- Opening Delimiter -

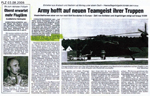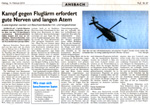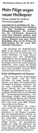 In die Illesheimer Storck-Kaserne werden für jeweils neun Monate weitere Hubschrauber-Einheiten aus Amerika verlegt, um ihre Flexibilität zu verbessern. Diese umfassen rund 1900 Soldaten mit 90 Hubschraubern. Von diesen Soldaten sind jedoch rund die Hälfte, von den Hubschraubern zwei Drittel ständig bei Manövern in Ost und Südosteuropa. Wie ein Flug von Ansbach-Katterbach nach Illesheim aus der Sicht der Piloten abläuft, stellen wir auf der übernächsten Seite vor. |
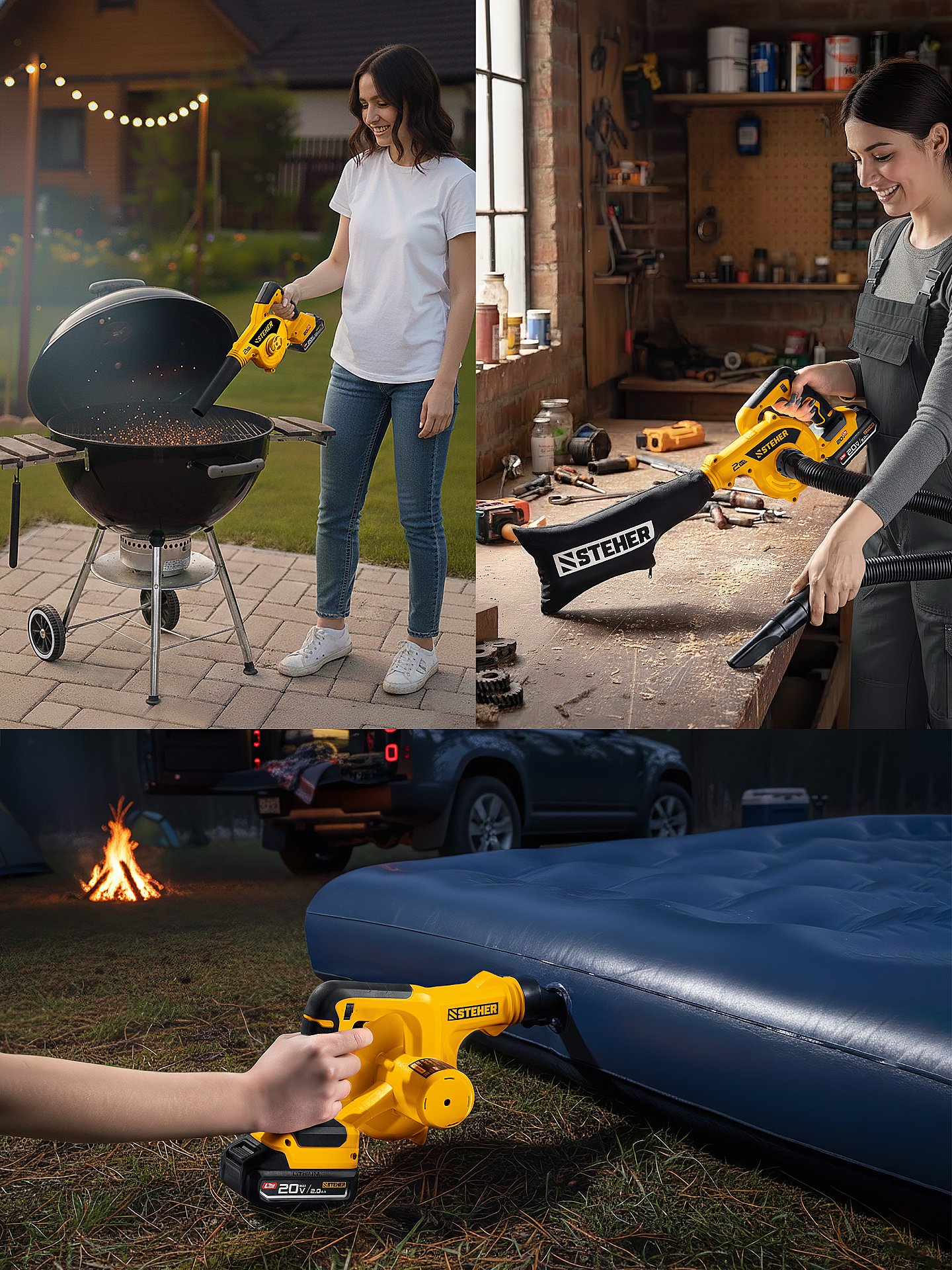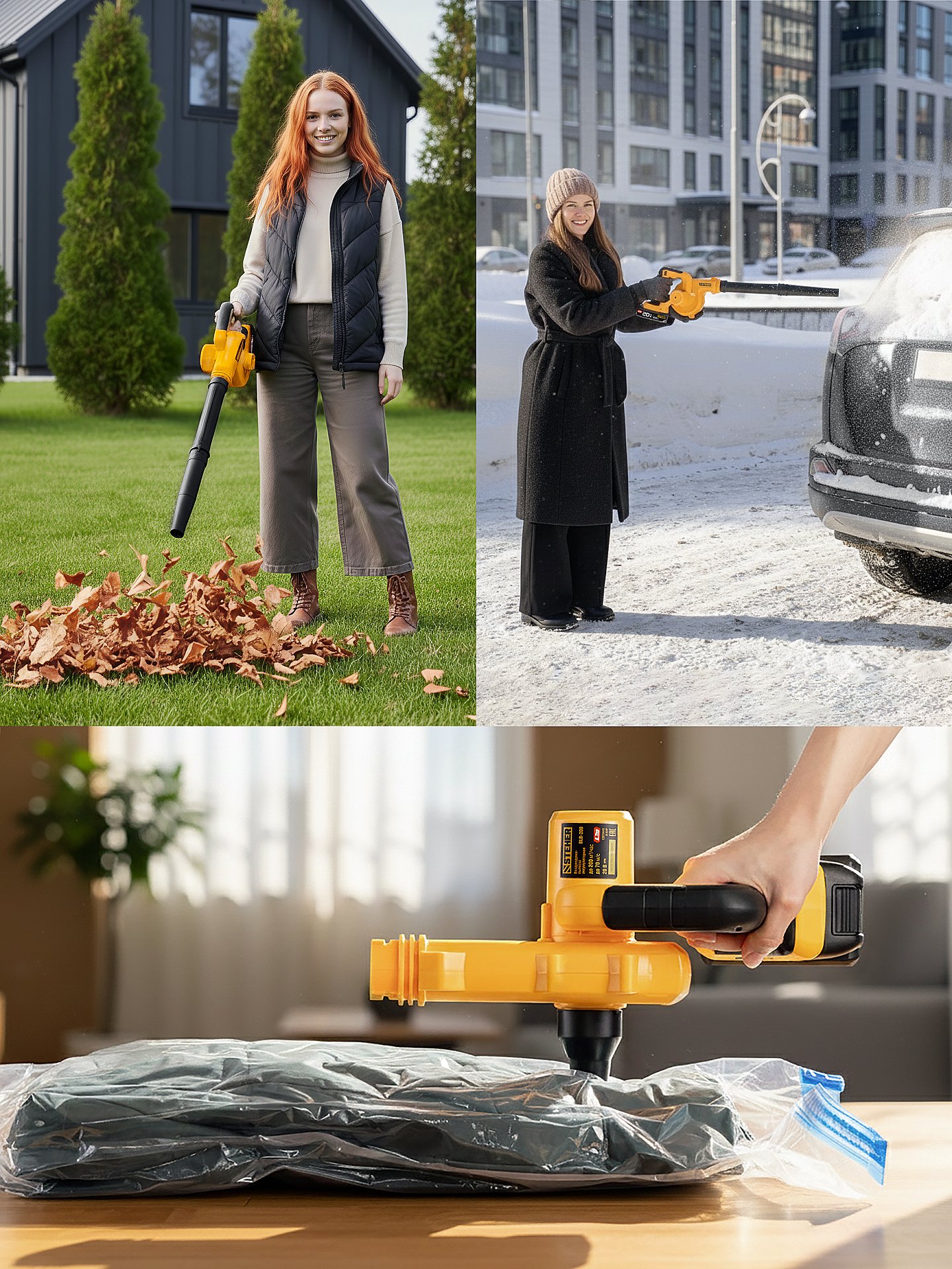 Для уборки листьев, мелкого мусора, пыли, накачивания надувных изделий
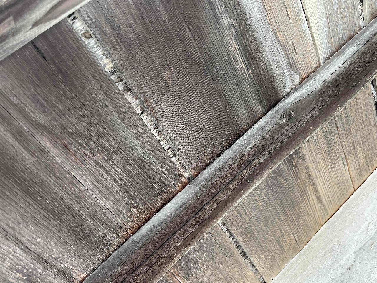 事前調査させていただいたお写真がこちらで、瓦が経年劣化により割れや隙間があり、お家に浸透(雨漏り)している状態でした。
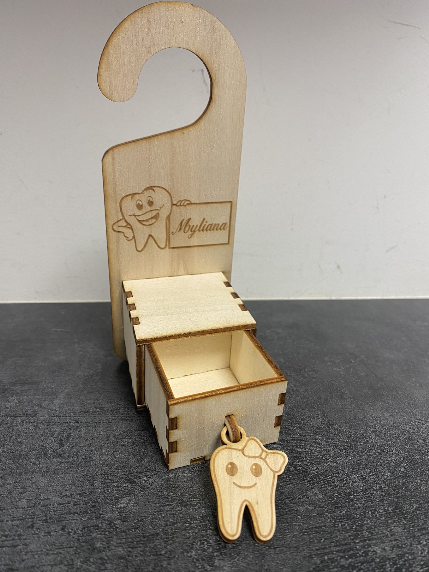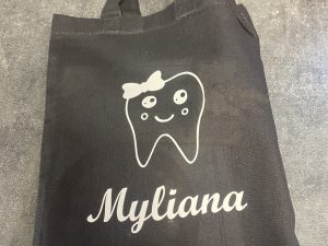 Le sac, le rangement de dent, l’accroche-porte marqué au prénom de votre enfant.
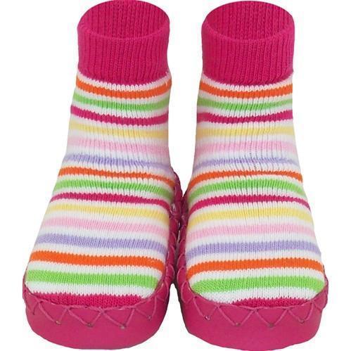 Umhüllen Sie die Füße Ihrer Kinder gemütlich mit der Wärme und dem Komfort einer Socke, kombiniert mit der Zweckmäßigkeit und Sicherheit einer Mokassin-Schuhsohle.
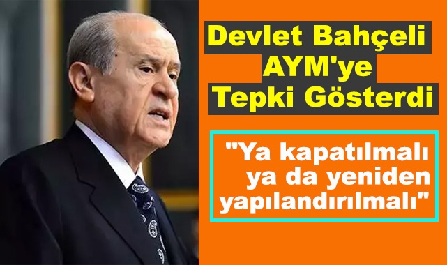 "AYM Başkanı, zillet ittifakının hastalıklı koludur. Bunu reddiyoruz! Bu kişinin haddini ve hududunu çok açık şekilde aştığını düşünüyoruz. Türk devletiyle uğraşma! Cesaretin varsa Kandil'e git! Mahkeme başkanı, objektifliğini ve tarafsızlığını kaybetmiştir." diyen Bahçeli, "AYM hainleri hak ihlali kararıyla ödüllendiriyor. PKK ve FETÖ üyelerine can simidi uzatan AYM'dir. Böyle giderse Fetullah Gülen ve Murat Karayılan'a da hak ihlali kararıyla kucak açacaktır. Geldiğimiz bu aşamada karşımıza iki seçenek çıkmaktadır: Ya Anayasa Mahkemesi kapatılmalı ya da yeniden yapılandırılmalıdır. Mahkeme’nin statüsü, kuruluş ve yargılama esasları ile üye yapısının köklü bir reforma tabi tutulması kaçınılmaz bir ihtiyaçtır. Bunu da yeni bir anayasaya ile hayata geçirmek hedefimizdir” şeklinde konuştu.
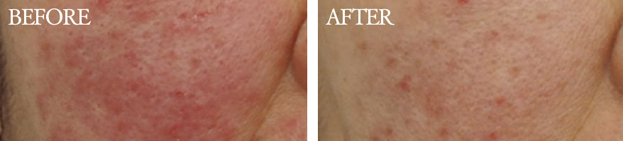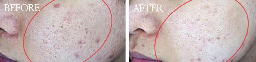 ベーシックな治療としてご紹介したいのが、肝斑や赤ら顔の治療です。そもそも従来のマイクロニードルでは、肌の刺激が肝斑を悪化させる可能性がありました。しかし、ポテンツァでは専用チップを使用することで、肝斑の治療も可能に。また、毛細血管が存在する真皮層へダイレクトにRF(ラジオ波)を照射することで、赤ら顔の原因となる新生血管も抑制します。こちらの治療には、肝斑用、ニキビ・赤ら顔用と、それぞれ専用チップを使用します。
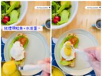 但要放上鲑鱼时,苯手把蛋白分开了一些,
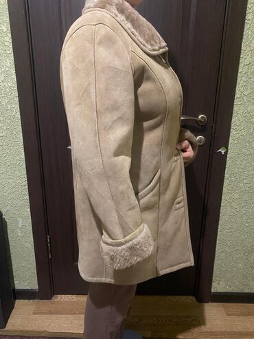 - Натуральная овчина: мягкий мех внутри, тёплый отложной воротник и меховые отвороты на манжетах.
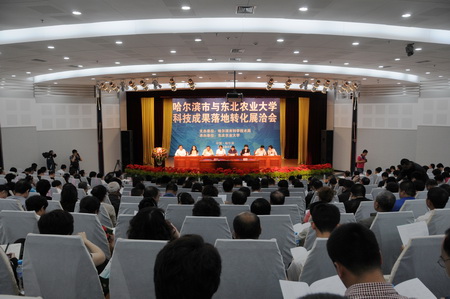 6月11日下午,由哈尔滨市科学技术局与我校联合举办的“哈尔滨市与东北农业大学科技成果落地转化展洽会”在我校隆重开幕。黑龙江省副省长程幼东,哈尔滨市副市长张显友,省教育厅厅长张永洲,省科技厅副厅长于立河,哈尔滨市科技局局长于沐琳、副局长李志杰等领导出席开幕式。我校党委书记、校长徐梅,副校长郑秋鹛,下派哈市的18名科技联络员,新农村发展研究院及相关学院、部门负责人、专家参加活动。哈尔滨市科技局、市农委、市畜牧兽医局等市直单位领导,哈市八区十县的区、县(市)长,科技、农业职能部门负责人,重点农业企业,农民协会,种养殖大户500多人参加开幕式。开幕式由哈尔滨市科技局局长于沐琳主持。
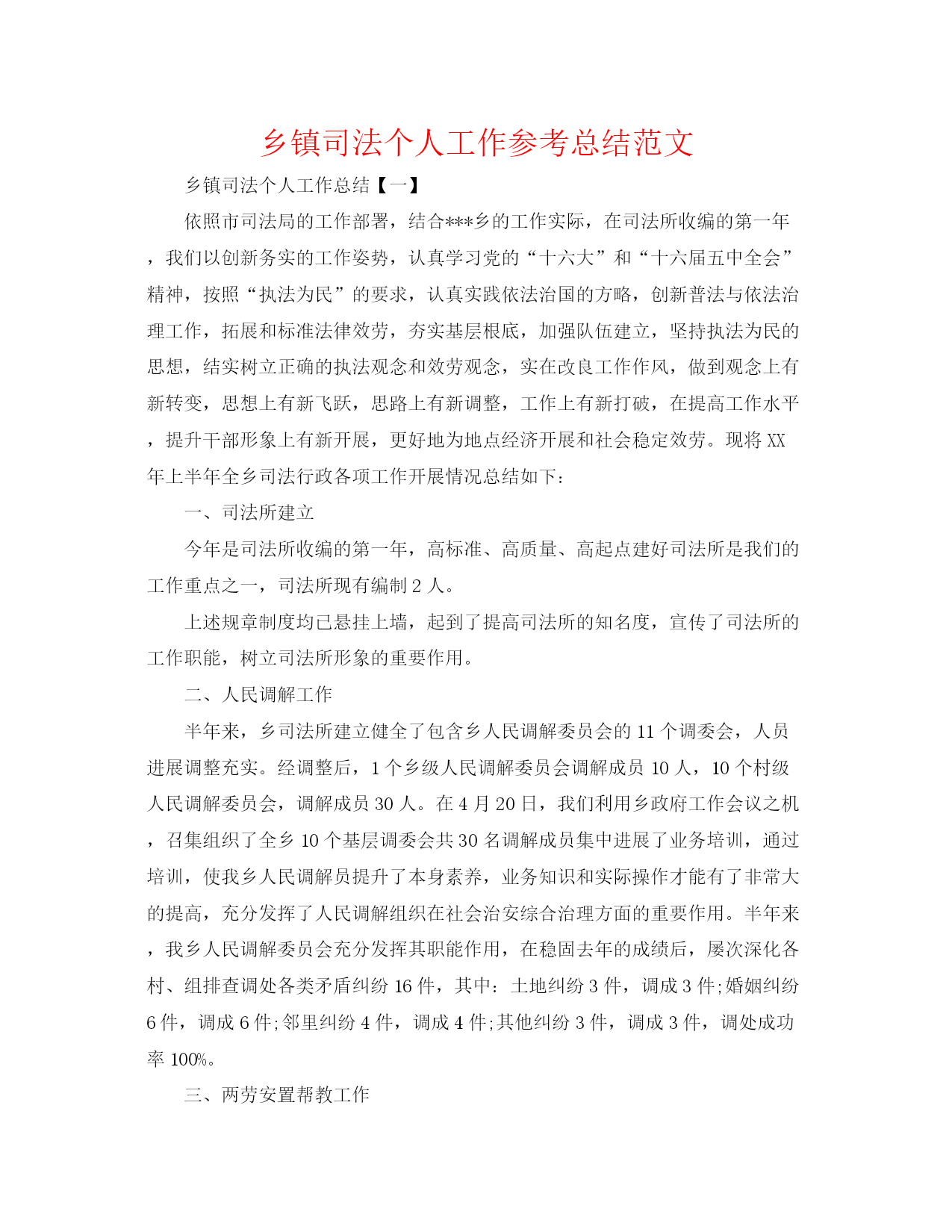 乡镇司法个人工作参考总结范文乡镇司法个人工作总结【一】依照市司法局的工作部署,结合***乡的工作实际,在司法所收编的第一年,我们以创新务实的工作姿势,认真学习党的“十六大”和“十六届五中全会”精神,按照“执法为民”的要求,认真实践依法治国的方略,创新普法与依法治理工作,拓展和标准法律效劳,夯实基层根底,加强队伍建立,坚持执法为民的思想,结实树立正确的执法观念和效劳观念,实在改良工作作风,做到观念上有新转变,思想上有新飞跃,思路上有新调整,工作上有新打破,在提高工作水平,提升干部形象上有新开展,更好地为地点

- Closing Delimiter -

▸ What is required:
Copy out all the data above exactly as written. Skip the pictures.

▸ Task answer:
 In die Illesheimer Storck-Kaserne werden für jeweils neun Monate weitere Hubschrauber-Einheiten aus Amerika verlegt, um ihre Flexibilität zu verbessern. Diese umfassen rund 1900 Soldaten mit 90 Hubschraubern. Von diesen Soldaten sind jedoch rund die Hälfte, von den Hubschraubern zwei Drittel ständig bei Manövern in Ost und Südosteuropa. Wie ein Flug von Ansbach-Katterbach nach Illesheim aus der Sicht der Piloten abläuft, stellen wir auf der übernächsten Seite vor. |
 Для уборки листьев, мелкого мусора, пыли, накачивания надувных изделий
 事前調査させていただいたお写真がこちらで、瓦が経年劣化により割れや隙間があり、お家に浸透(雨漏り)している状態でした。
 Le sac, le rangement de dent, l’accroche-porte marqué au prénom de votre enfant.
 Umhüllen Sie die Füße Ihrer Kinder gemütlich mit der Wärme und dem Komfort einer Socke, kombiniert mit der Zweckmäßigkeit und Sicherheit einer Mokassin-Schuhsohle.
 "AYM Başkanı, zillet ittifakının hastalıklı koludur. Bunu reddiyoruz! Bu kişinin haddini ve hududunu çok açık şekilde aştığını düşünüyoruz. Türk devletiyle uğraşma! Cesaretin varsa Kandil'e git! Mahkeme başkanı, objektifliğini ve tarafsızlığını kaybetmiştir." diyen Bahçeli, "AYM hainleri hak ihlali kararıyla ödüllendiriyor. PKK ve FETÖ üyelerine can simidi uzatan AYM'dir. Böyle giderse Fetullah Gülen ve Murat Karayılan'a da hak ihlali kararıyla kucak açacaktır. Geldiğimiz bu aşamada karşımıza iki seçenek çıkmaktadır: Ya Anayasa Mahkemesi kapatılmalı ya da yeniden yapılandırılmalıdır. Mahkeme’nin statüsü, kuruluş ve yargılama esasları ile üye yapısının köklü bir reforma tabi tutulması kaçınılmaz bir ihtiyaçtır. Bunu da yeni bir anayasaya ile hayata geçirmek hedefimizdir” şeklinde konuştu.
 ベーシックな治療としてご紹介したいのが、肝斑や赤ら顔の治療です。そもそも従来のマイクロニードルでは、肌の刺激が肝斑を悪化させる可能性がありました。しかし、ポテンツァでは専用チップを使用することで、肝斑の治療も可能に。また、毛細血管が存在する真皮層へダイレクトにRF(ラジオ波)を照射することで、赤ら顔の原因となる新生血管も抑制します。こちらの治療には、肝斑用、ニキビ・赤ら顔用と、それぞれ専用チップを使用します。
 但要放上鲑鱼时,苯手把蛋白分开了一些,
 - Натуральная овчина: мягкий мех внутри, тёплый отложной воротник и меховые отвороты на манжетах.
 6月11日下午,由哈尔滨市科学技术局与我校联合举办的“哈尔滨市与东北农业大学科技成果落地转化展洽会”在我校隆重开幕。黑龙江省副省长程幼东,哈尔滨市副市长张显友,省教育厅厅长张永洲,省科技厅副厅长于立河,哈尔滨市科技局局长于沐琳、副局长李志杰等领导出席开幕式。我校党委书记、校长徐梅,副校长郑秋鹛,下派哈市的18名科技联络员,新农村发展研究院及相关学院、部门负责人、专家参加活动。哈尔滨市科技局、市农委、市畜牧兽医局等市直单位领导,哈市八区十县的区、县(市)长,科技、农业职能部门负责人,重点农业企业,农民协会,种养殖大户500多人参加开幕式。开幕式由哈尔滨市科技局局长于沐琳主持。
 乡镇司法个人工作参考总结范文乡镇司法个人工作总结【一】依照市司法局的工作部署,结合***乡的工作实际,在司法所收编的第一年,我们以创新务实的工作姿势,认真学习党的“十六大”和“十六届五中全会”精神,按照“执法为民”的要求,认真实践依法治国的方略,创新普法与依法治理工作,拓展和标准法律效劳,夯实基层根底,加强队伍建立,坚持执法为民的思想,结实树立正确的执法观念和效劳观念,实在改良工作作风,做到观念上有新转变,思想上有新飞跃,思路上有新调整,工作上有新打破,在提高工作水平,提升干部形象上有新开展,更好地为地点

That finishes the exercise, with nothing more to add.